◆ Problem description ◆
Give back, exactly and with nothing else, the lines running from the one that contains "Sweet Cool Sexy" to the end of the entries below; do not include pictures.

[The data Boundary: Start]

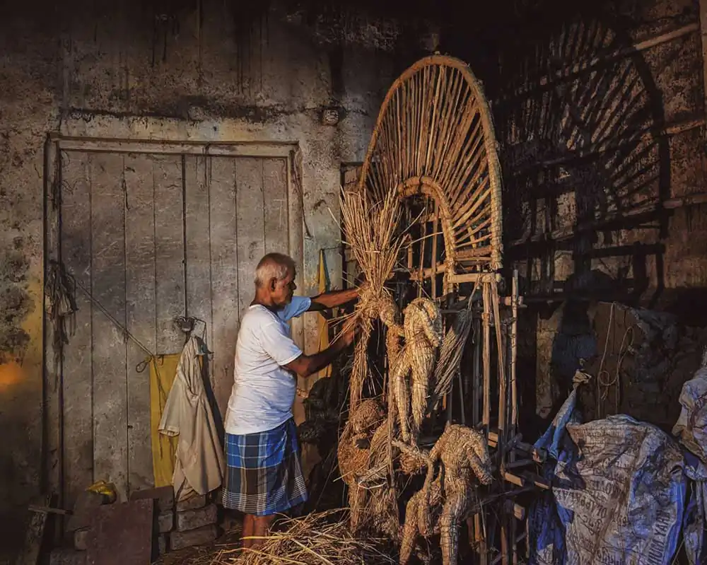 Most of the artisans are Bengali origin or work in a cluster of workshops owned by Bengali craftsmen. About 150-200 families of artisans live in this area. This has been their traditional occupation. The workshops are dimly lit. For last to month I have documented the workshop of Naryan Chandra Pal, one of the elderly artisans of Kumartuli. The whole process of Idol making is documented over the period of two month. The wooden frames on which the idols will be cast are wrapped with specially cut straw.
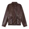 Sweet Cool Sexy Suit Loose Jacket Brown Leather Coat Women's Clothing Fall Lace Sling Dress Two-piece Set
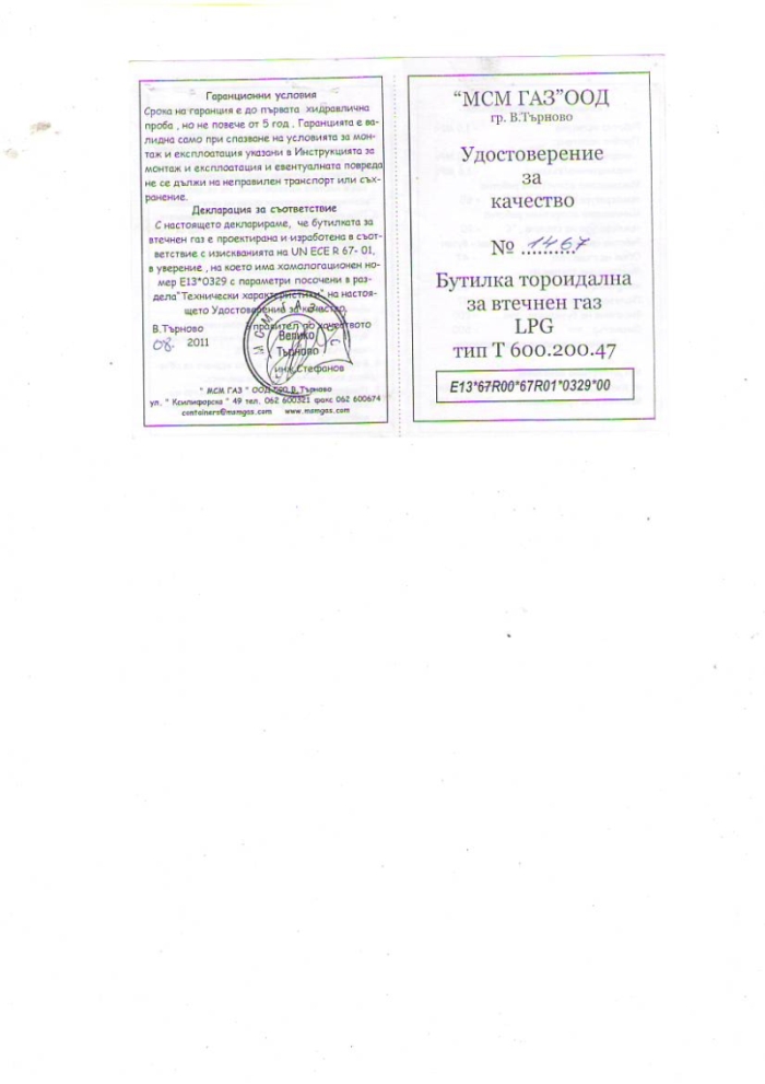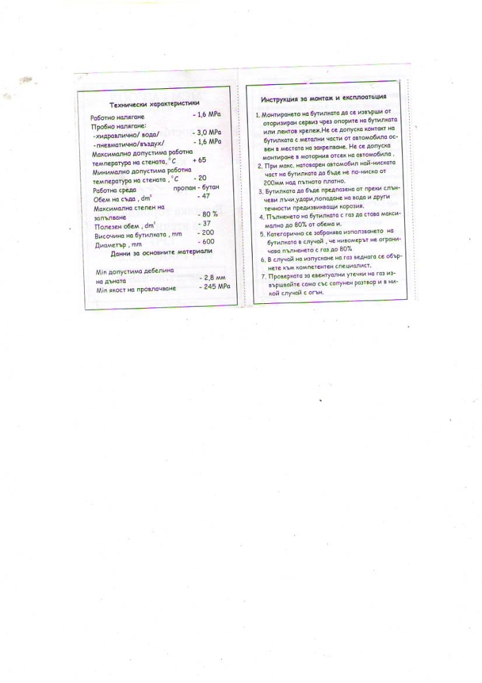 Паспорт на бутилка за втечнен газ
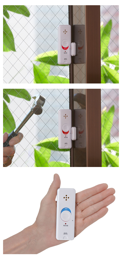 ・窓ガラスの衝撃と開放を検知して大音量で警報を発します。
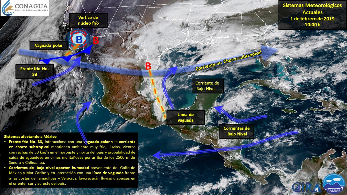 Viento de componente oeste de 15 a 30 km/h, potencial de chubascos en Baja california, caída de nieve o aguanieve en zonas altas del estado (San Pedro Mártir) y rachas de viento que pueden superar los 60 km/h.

[The data Boundary: End]

◆ Solved problem ◆
 Sweet Cool Sexy Suit Loose Jacket Brown Leather Coat Women's Clothing Fall Lace Sling Dress Two-piece Set
 Паспорт на бутилка за втечнен газ
 ・窓ガラスの衝撃と開放を検知して大音量で警報を発します。
 Viento de componente oeste de 15 a 30 km/h, potencial de chubascos en Baja california, caída de nieve o aguanieve en zonas altas del estado (San Pedro Mártir) y rachas de viento que pueden superar los 60 km/h.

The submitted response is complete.